2017 / Nika Ham, Squat

artists texts

Nika Ham, SQUAT
Production: Aksioma – Institute for Contemporary Art, Ljubljana, 2017
https://aksioma.org/squat/index.html

Squatting has a long tradition in contemporary art. Artists have often used occupation as a strategy, misusing things and placing objects and performing actions in places where they don’t belong. This kind of approach has to do with the need to explore the unexpected, build a different point of view and imagine new uses for old tools. Since the seventies and up to these days, several artists have also felt the urgency to free art from institutional spaces, and showed their work in unconventional settings like shops, libraries, schools, restaurants and of course the streets.

The work of Nika Ham follows this tradition but turns it upside down. In her case, the setting is, in a way, a conventional one (a museum), but her actions are unauthorized and unpredictable. She works as a guardian at Moderna galerija, Ljubljana’s Museum of Modern Art, and when no one is watching, she performs, using the space as if it were her own studio. Her actions are simple, repetitive and humorous, all centred around the idea of using the body to interact with public space: “the Museum of Modern Art is as familiar to me as my room since I spend the same amount of time in both,” says the artist, highlighting one of the most interesting aspects of the project: the merging of private and public spheres. “When there is nobody in the space, I appropriate it, so I can perform visual compositions, delineate the architecture, introduce a new logic of movement and seeing merely with my own body.” This kind of performance, which relies on the artist’s body to build a relationship with the space and with the viewer, is reminiscent of many works of the sixties and seventies. In particular, Bruce Nauman’s early videotapes come to mind, the ones in which the American artist measures the space of the studio with his steps, bounces repeatedly against a wall or spins around one foot in different directions. All these actions were captured in real time on a fixed camera. In Nika Ham’s work the camera is also fixed because the artist takes advantage of the museum’s surveillance system. The footage is then edited and converted into short videos or animated gifs, in order to be published on the Internet on different social media platforms: Giphy, Instagram, Facebook and Tumblr.

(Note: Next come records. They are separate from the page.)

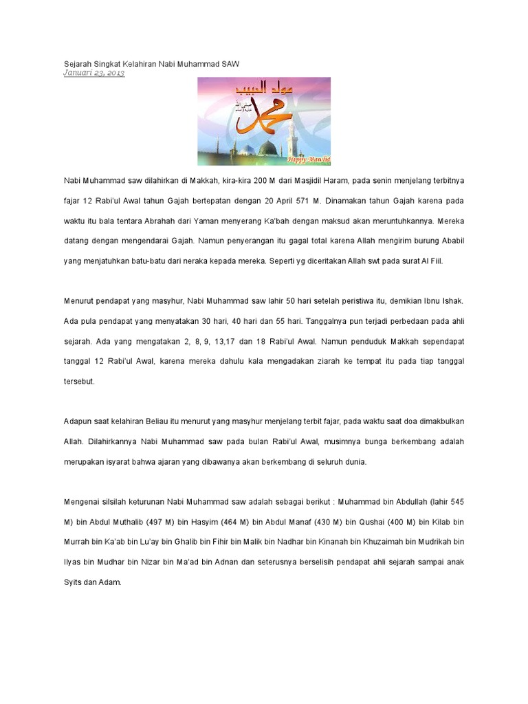 Doc Sejarah Singkat Kelahiran Nabi Muhammad Saw Zainuddin Udin Academia Edu
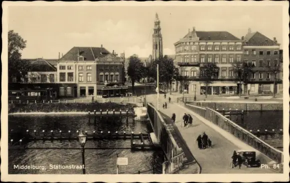 Ak Middelburg Zeeland Niederlande, Stationsstraat
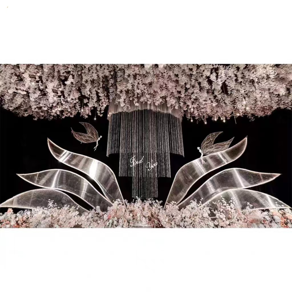 4.Product Usage:It belongs to the wedding stage props and is usually used as a backdrop. Only at weddings can you see these wedding supplies.Widely used in wedding celebrations,can be used as stage decoration and photography props;usually appears in wedding banquet halls to serve as stage backgrounds and is combined with crystals or floral arrangements,being an indispensable item for creating a unique theme banquet hall.It belongs to the stage props in the "Luxurious Hall" section.
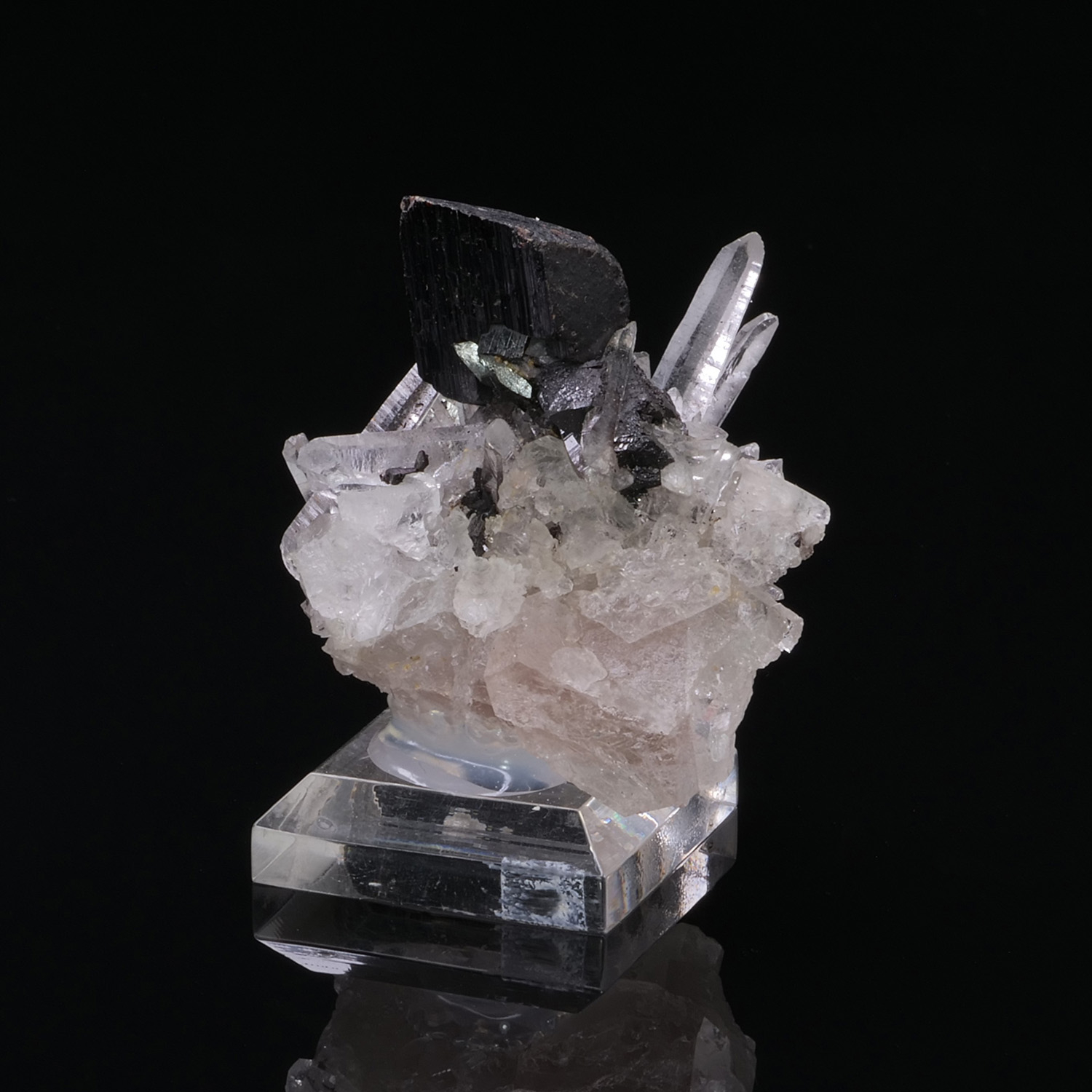 Very beautiful crystals of black Hubnerite with red brick reflections on Quartz offering a nice contrast. Specimen from the Mundo Nuevo mine in Peru.

The artist here acts as a parasite: she exploits the location and its infrastructure to build a whole new narration. A story made of inappropriate behaviours: she lies down on the floor, runs around the room on a chair with wheels, jumps up and down, wears masks and hides inside cardboard boxes. The actions are short and repetitive and make the artist similar to a pixelated character in a vintage videogame. The dissemination of Nika Ham’s tiny subversive actions trough the web is the logical culmination of the project: something that was enacted in total solitude, far from human eyes, is then poured inside the place of visibility par excellence, closing the (short) circuit. From the public to the private and back.